--- RECORDS TO USE Enclosed Below ---

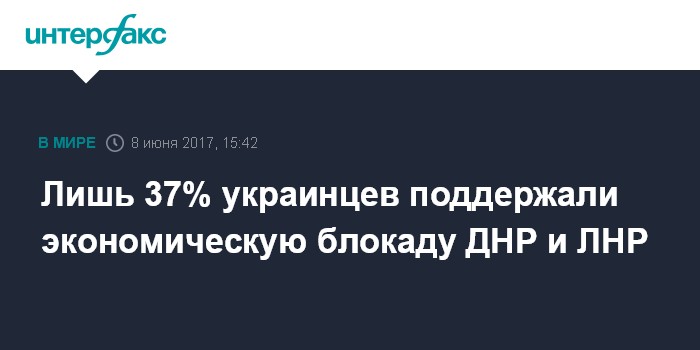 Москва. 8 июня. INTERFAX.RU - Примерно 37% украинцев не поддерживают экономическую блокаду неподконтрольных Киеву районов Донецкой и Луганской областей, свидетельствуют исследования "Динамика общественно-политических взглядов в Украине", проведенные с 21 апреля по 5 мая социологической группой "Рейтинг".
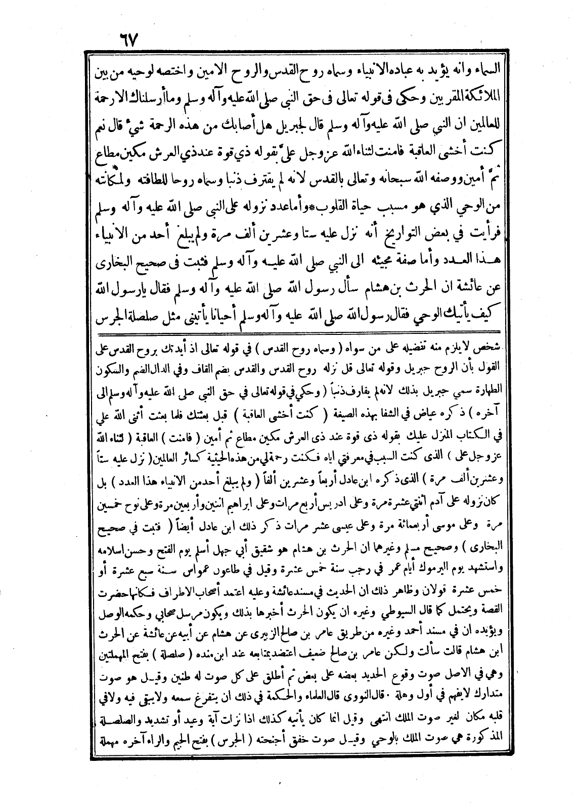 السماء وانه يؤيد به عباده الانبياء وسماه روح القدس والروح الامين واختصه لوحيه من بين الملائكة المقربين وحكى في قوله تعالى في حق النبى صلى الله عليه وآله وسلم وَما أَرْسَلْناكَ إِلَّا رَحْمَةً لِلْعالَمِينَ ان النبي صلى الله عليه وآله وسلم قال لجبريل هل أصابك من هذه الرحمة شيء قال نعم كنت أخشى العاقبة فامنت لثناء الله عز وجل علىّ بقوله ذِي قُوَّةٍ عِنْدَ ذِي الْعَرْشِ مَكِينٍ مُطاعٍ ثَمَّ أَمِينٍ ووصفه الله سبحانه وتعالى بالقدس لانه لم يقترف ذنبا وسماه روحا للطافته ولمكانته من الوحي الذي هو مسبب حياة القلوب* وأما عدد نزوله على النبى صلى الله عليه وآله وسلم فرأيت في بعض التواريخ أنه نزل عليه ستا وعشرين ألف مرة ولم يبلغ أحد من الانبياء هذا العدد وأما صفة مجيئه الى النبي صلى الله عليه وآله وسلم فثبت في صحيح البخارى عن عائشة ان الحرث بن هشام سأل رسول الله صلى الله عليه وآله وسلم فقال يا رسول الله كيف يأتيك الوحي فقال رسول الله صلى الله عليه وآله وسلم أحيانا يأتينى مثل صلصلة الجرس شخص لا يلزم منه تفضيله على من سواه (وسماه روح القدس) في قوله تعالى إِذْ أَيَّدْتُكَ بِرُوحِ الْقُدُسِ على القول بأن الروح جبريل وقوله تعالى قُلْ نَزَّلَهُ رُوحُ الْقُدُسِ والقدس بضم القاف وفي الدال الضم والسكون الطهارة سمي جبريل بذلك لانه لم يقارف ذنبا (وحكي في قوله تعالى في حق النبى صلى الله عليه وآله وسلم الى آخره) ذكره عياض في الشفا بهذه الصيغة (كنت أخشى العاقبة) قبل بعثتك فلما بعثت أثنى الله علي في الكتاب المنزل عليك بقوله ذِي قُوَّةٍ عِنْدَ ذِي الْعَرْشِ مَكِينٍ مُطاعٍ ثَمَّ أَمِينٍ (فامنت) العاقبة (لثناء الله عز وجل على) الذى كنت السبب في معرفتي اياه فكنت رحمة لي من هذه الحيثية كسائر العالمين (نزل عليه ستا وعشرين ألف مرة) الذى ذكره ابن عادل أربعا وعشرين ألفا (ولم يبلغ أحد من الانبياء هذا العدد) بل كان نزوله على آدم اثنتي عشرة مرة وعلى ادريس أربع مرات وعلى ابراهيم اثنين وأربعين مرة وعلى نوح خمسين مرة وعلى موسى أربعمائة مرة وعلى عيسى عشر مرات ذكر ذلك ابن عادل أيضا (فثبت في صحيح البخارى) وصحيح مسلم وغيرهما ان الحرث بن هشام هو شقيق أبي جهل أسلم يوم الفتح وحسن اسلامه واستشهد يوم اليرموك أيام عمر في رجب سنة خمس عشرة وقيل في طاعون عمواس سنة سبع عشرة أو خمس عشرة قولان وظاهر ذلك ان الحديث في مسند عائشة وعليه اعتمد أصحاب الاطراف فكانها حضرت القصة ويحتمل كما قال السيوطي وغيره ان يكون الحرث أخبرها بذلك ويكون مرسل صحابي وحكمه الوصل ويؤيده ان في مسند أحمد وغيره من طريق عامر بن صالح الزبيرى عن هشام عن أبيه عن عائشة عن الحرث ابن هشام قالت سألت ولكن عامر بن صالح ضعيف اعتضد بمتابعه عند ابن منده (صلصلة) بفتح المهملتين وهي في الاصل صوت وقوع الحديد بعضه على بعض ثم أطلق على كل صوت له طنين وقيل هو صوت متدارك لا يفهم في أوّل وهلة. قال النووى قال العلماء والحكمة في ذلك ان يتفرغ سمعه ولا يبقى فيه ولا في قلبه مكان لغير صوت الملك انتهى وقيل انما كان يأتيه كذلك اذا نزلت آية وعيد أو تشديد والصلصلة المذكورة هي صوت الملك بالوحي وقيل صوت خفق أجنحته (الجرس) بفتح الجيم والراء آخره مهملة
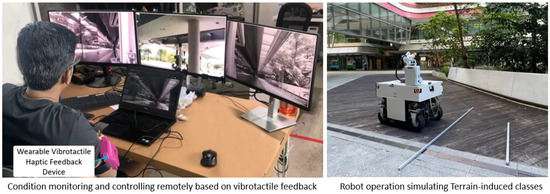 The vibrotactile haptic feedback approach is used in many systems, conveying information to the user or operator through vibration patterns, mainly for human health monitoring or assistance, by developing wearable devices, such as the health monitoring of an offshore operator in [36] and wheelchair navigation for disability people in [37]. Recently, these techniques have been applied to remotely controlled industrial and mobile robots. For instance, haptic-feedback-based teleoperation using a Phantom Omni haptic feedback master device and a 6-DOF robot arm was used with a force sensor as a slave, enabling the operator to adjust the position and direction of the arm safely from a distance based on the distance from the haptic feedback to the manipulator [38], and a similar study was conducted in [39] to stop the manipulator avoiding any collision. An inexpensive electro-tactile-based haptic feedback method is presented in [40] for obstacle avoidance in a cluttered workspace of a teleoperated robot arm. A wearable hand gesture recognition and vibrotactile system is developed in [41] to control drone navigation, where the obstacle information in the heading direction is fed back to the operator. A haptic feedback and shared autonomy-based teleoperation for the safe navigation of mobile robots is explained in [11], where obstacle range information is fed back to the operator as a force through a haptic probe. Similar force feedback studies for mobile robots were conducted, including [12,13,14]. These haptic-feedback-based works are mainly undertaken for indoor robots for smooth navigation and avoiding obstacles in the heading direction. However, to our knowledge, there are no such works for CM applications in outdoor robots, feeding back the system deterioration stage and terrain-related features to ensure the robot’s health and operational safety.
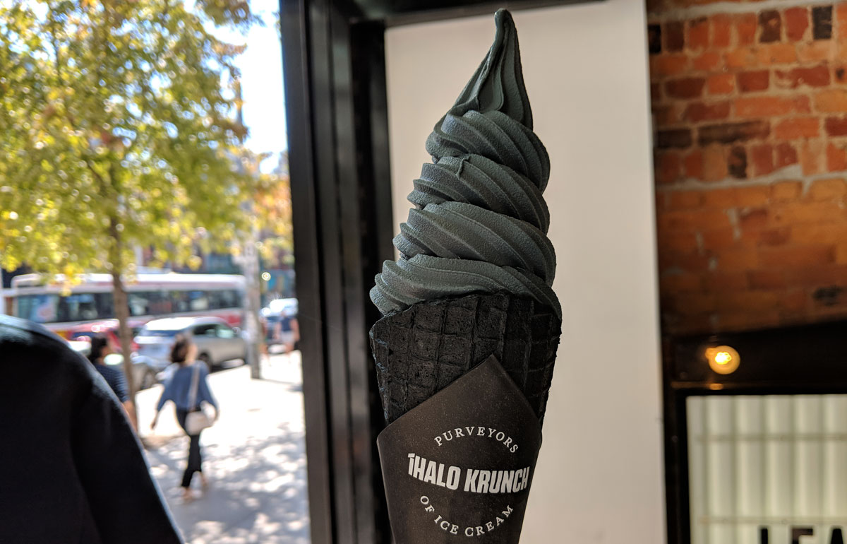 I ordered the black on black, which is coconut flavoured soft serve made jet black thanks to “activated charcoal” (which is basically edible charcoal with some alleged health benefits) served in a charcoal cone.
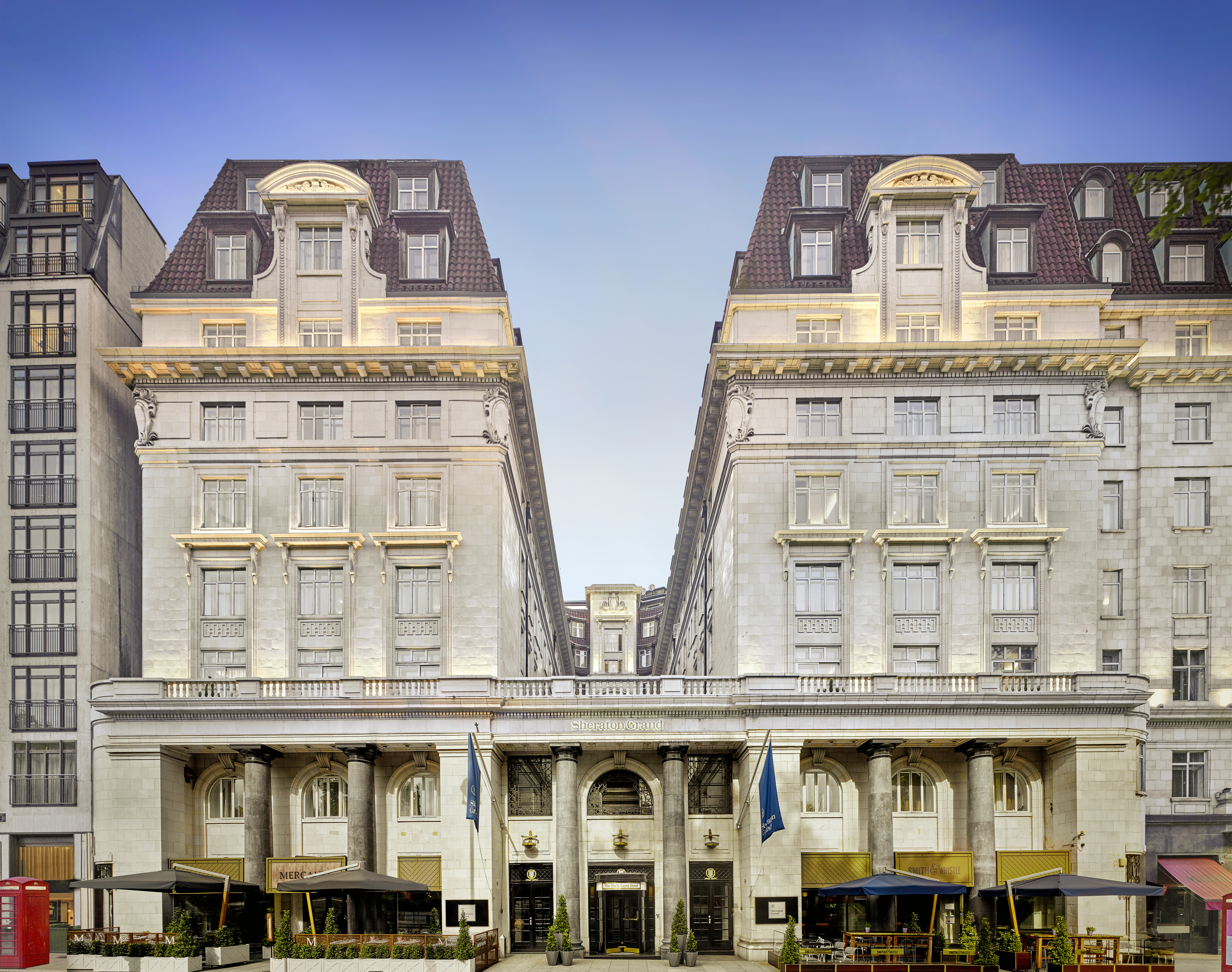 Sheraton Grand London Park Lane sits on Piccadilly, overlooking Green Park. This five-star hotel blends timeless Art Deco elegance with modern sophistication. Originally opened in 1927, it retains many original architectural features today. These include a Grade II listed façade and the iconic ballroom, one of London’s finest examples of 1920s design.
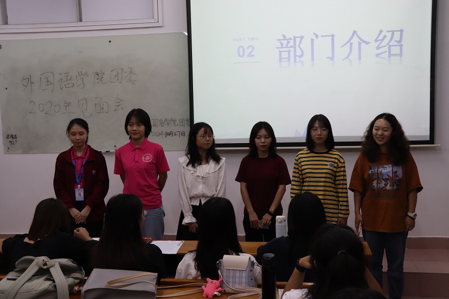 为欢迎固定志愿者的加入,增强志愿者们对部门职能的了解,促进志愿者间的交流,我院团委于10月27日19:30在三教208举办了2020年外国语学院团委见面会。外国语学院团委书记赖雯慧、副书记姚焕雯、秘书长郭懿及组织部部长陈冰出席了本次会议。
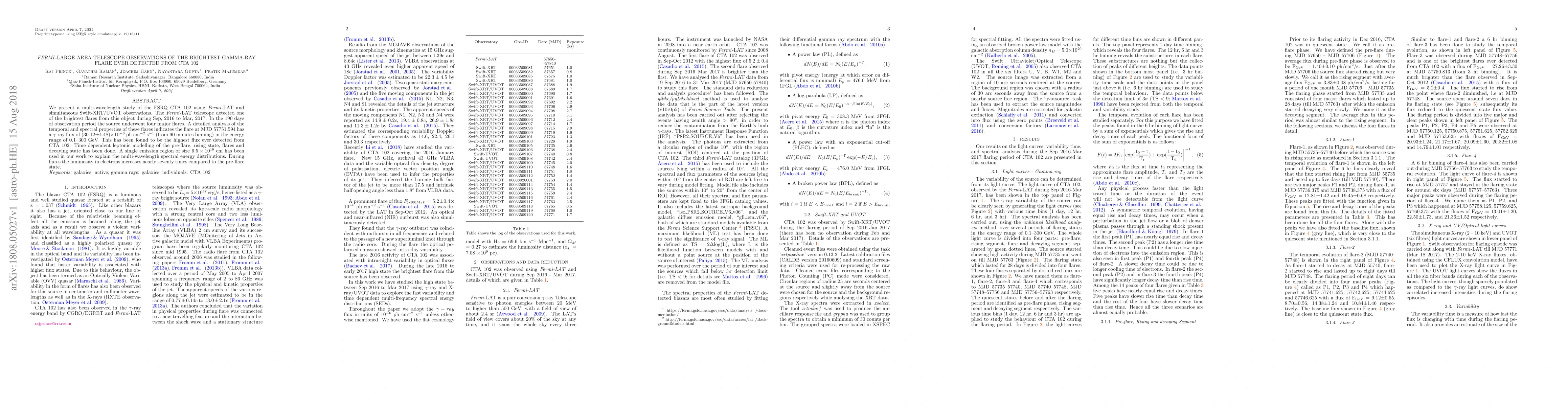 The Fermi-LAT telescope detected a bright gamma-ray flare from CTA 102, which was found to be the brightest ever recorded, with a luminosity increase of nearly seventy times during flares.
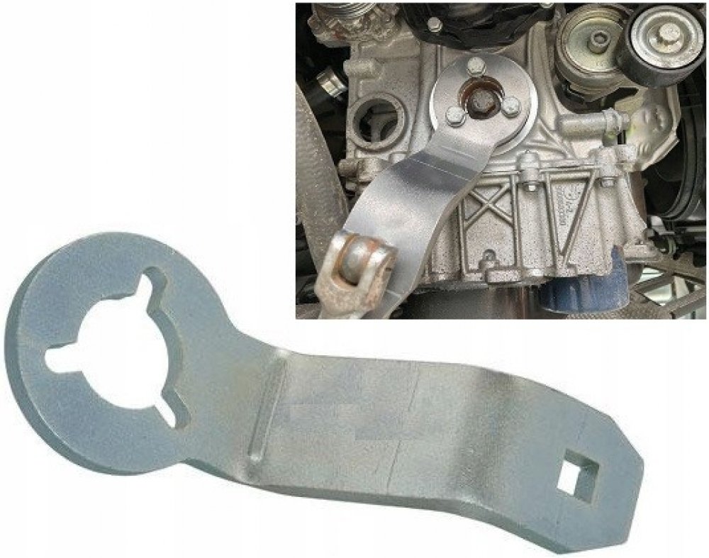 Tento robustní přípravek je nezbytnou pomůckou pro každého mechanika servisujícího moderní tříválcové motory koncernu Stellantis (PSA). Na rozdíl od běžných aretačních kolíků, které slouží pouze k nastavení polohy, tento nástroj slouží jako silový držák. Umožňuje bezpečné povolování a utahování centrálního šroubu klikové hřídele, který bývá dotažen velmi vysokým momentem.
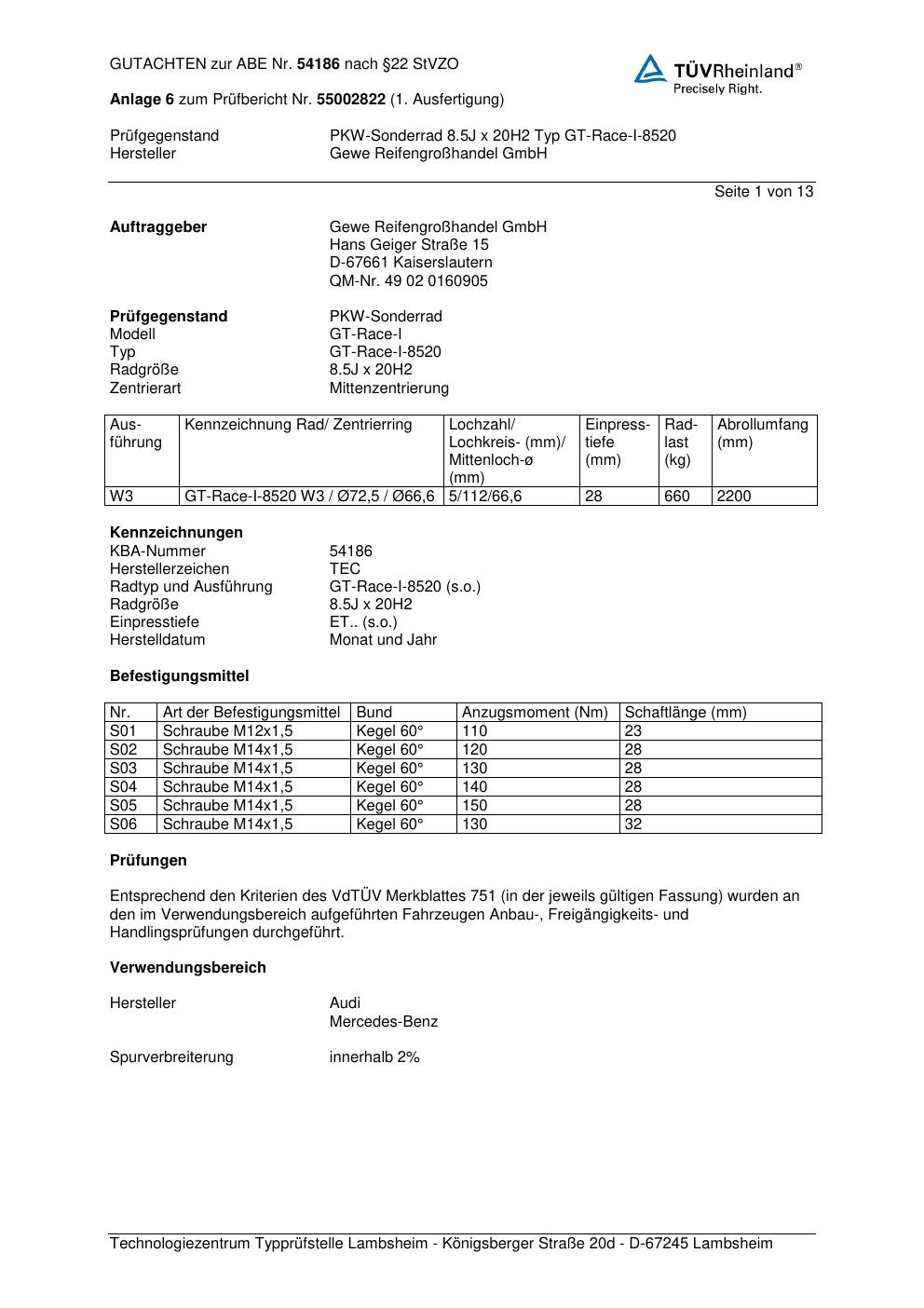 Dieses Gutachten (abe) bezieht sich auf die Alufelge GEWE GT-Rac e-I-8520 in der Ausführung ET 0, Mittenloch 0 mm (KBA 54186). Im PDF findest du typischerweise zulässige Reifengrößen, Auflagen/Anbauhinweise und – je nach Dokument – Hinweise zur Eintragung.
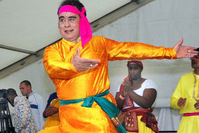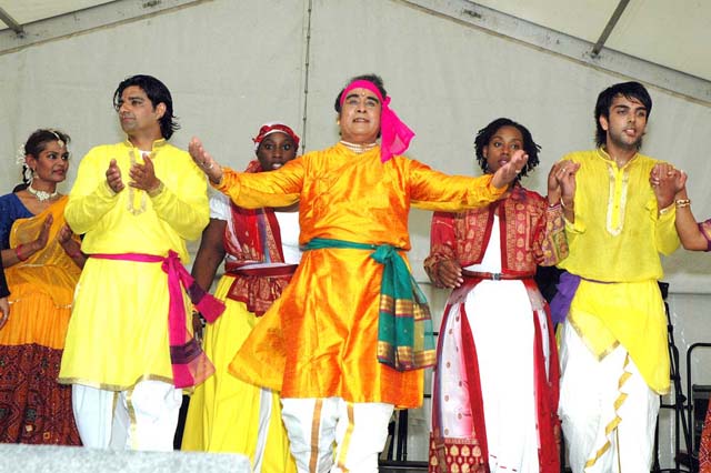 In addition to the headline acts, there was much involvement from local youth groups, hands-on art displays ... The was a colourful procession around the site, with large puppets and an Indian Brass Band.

--- End of Enclosed RECORDS TO USE ---

What you return must match the data above exactly, with no images included.

 Москва. 8 июня. INTERFAX.RU - Примерно 37% украинцев не поддерживают экономическую блокаду неподконтрольных Киеву районов Донецкой и Луганской областей, свидетельствуют исследования "Динамика общественно-политических взглядов в Украине", проведенные с 21 апреля по 5 мая социологической группой "Рейтинг".
 السماء وانه يؤيد به عباده الانبياء وسماه روح القدس والروح الامين واختصه لوحيه من بين الملائكة المقربين وحكى في قوله تعالى في حق النبى صلى الله عليه وآله وسلم وَما أَرْسَلْناكَ إِلَّا رَحْمَةً لِلْعالَمِينَ ان النبي صلى الله عليه وآله وسلم قال لجبريل هل أصابك من هذه الرحمة شيء قال نعم كنت أخشى العاقبة فامنت لثناء الله عز وجل علىّ بقوله ذِي قُوَّةٍ عِنْدَ ذِي الْعَرْشِ مَكِينٍ مُطاعٍ ثَمَّ أَمِينٍ ووصفه الله سبحانه وتعالى بالقدس لانه لم يقترف ذنبا وسماه روحا للطافته ولمكانته من الوحي الذي هو مسبب حياة القلوب* وأما عدد نزوله على النبى صلى الله عليه وآله وسلم فرأيت في بعض التواريخ أنه نزل عليه ستا وعشرين ألف مرة ولم يبلغ أحد من الانبياء هذا العدد وأما صفة مجيئه الى النبي صلى الله عليه وآله وسلم فثبت في صحيح البخارى عن عائشة ان الحرث بن هشام سأل رسول الله صلى الله عليه وآله وسلم فقال يا رسول الله كيف يأتيك الوحي فقال رسول الله صلى الله عليه وآله وسلم أحيانا يأتينى مثل صلصلة الجرس شخص لا يلزم منه تفضيله على من سواه (وسماه روح القدس) في قوله تعالى إِذْ أَيَّدْتُكَ بِرُوحِ الْقُدُسِ على القول بأن الروح جبريل وقوله تعالى قُلْ نَزَّلَهُ رُوحُ الْقُدُسِ والقدس بضم القاف وفي الدال الضم والسكون الطهارة سمي جبريل بذلك لانه لم يقارف ذنبا (وحكي في قوله تعالى في حق النبى صلى الله عليه وآله وسلم الى آخره) ذكره عياض في الشفا بهذه الصيغة (كنت أخشى العاقبة) قبل بعثتك فلما بعثت أثنى الله علي في الكتاب المنزل عليك بقوله ذِي قُوَّةٍ عِنْدَ ذِي الْعَرْشِ مَكِينٍ مُطاعٍ ثَمَّ أَمِينٍ (فامنت) العاقبة (لثناء الله عز وجل على) الذى كنت السبب في معرفتي اياه فكنت رحمة لي من هذه الحيثية كسائر العالمين (نزل عليه ستا وعشرين ألف مرة) الذى ذكره ابن عادل أربعا وعشرين ألفا (ولم يبلغ أحد من الانبياء هذا العدد) بل كان نزوله على آدم اثنتي عشرة مرة وعلى ادريس أربع مرات وعلى ابراهيم اثنين وأربعين مرة وعلى نوح خمسين مرة وعلى موسى أربعمائة مرة وعلى عيسى عشر مرات ذكر ذلك ابن عادل أيضا (فثبت في صحيح البخارى) وصحيح مسلم وغيرهما ان الحرث بن هشام هو شقيق أبي جهل أسلم يوم الفتح وحسن اسلامه واستشهد يوم اليرموك أيام عمر في رجب سنة خمس عشرة وقيل في طاعون عمواس سنة سبع عشرة أو خمس عشرة قولان وظاهر ذلك ان الحديث في مسند عائشة وعليه اعتمد أصحاب الاطراف فكانها حضرت القصة ويحتمل كما قال السيوطي وغيره ان يكون الحرث أخبرها بذلك ويكون مرسل صحابي وحكمه الوصل ويؤيده ان في مسند أحمد وغيره من طريق عامر بن صالح الزبيرى عن هشام عن أبيه عن عائشة عن الحرث ابن هشام قالت سألت ولكن عامر بن صالح ضعيف اعتضد بمتابعه عند ابن منده (صلصلة) بفتح المهملتين وهي في الاصل صوت وقوع الحديد بعضه على بعض ثم أطلق على كل صوت له طنين وقيل هو صوت متدارك لا يفهم في أوّل وهلة. قال النووى قال العلماء والحكمة في ذلك ان يتفرغ سمعه ولا يبقى فيه ولا في قلبه مكان لغير صوت الملك انتهى وقيل انما كان يأتيه كذلك اذا نزلت آية وعيد أو تشديد والصلصلة المذكورة هي صوت الملك بالوحي وقيل صوت خفق أجنحته (الجرس) بفتح الجيم والراء آخره مهملة
 The vibrotactile haptic feedback approach is used in many systems, conveying information to the user or operator through vibration patterns, mainly for human health monitoring or assistance, by developing wearable devices, such as the health monitoring of an offshore operator in [36] and wheelchair navigation for disability people in [37]. Recently, these techniques have been applied to remotely controlled industrial and mobile robots. For instance, haptic-feedback-based teleoperation using a Phantom Omni haptic feedback master device and a 6-DOF robot arm was used with a force sensor as a slave, enabling the operator to adjust the position and direction of the arm safely from a distance based on the distance from the haptic feedback to the manipulator [38], and a similar study was conducted in [39] to stop the manipulator avoiding any collision. An inexpensive electro-tactile-based haptic feedback method is presented in [40] for obstacle avoidance in a cluttered workspace of a teleoperated robot arm. A wearable hand gesture recognition and vibrotactile system is developed in [41] to control drone navigation, where the obstacle information in the heading direction is fed back to the operator. A haptic feedback and shared autonomy-based teleoperation for the safe navigation of mobile robots is explained in [11], where obstacle range information is fed back to the operator as a force through a haptic probe. Similar force feedback studies for mobile robots were conducted, including [12,13,14]. These haptic-feedback-based works are mainly undertaken for indoor robots for smooth navigation and avoiding obstacles in the heading direction. However, to our knowledge, there are no such works for CM applications in outdoor robots, feeding back the system deterioration stage and terrain-related features to ensure the robot’s health and operational safety.
 I ordered the black on black, which is coconut flavoured soft serve made jet black thanks to “activated charcoal” (which is basically edible charcoal with some alleged health benefits) served in a charcoal cone.
 Sheraton Grand London Park Lane sits on Piccadilly, overlooking Green Park. This five-star hotel blends timeless Art Deco elegance with modern sophistication. Originally opened in 1927, it retains many original architectural features today. These include a Grade II listed façade and the iconic ballroom, one of London’s finest examples of 1920s design.
 为欢迎固定志愿者的加入,增强志愿者们对部门职能的了解,促进志愿者间的交流,我院团委于10月27日19:30在三教208举办了2020年外国语学院团委见面会。外国语学院团委书记赖雯慧、副书记姚焕雯、秘书长郭懿及组织部部长陈冰出席了本次会议。
 The Fermi-LAT telescope detected a bright gamma-ray flare from CTA 102, which was found to be the brightest ever recorded, with a luminosity increase of nearly seventy times during flares.
 Tento robustní přípravek je nezbytnou pomůckou pro každého mechanika servisujícího moderní tříválcové motory koncernu Stellantis (PSA). Na rozdíl od běžných aretačních kolíků, které slouží pouze k nastavení polohy, tento nástroj slouží jako silový držák. Umožňuje bezpečné povolování a utahování centrálního šroubu klikové hřídele, který bývá dotažen velmi vysokým momentem.
 Dieses Gutachten (abe) bezieht sich auf die Alufelge GEWE GT-Rac e-I-8520 in der Ausführung ET 0, Mittenloch 0 mm (KBA 54186). Im PDF findest du typischerweise zulässige Reifengrößen, Auflagen/Anbauhinweise und – je nach Dokument – Hinweise zur Eintragung.
 In addition to the headline acts, there was much involvement from local youth groups, hands-on art displays ... The was a colourful procession around the site, with large puppets and an Indian Brass Band.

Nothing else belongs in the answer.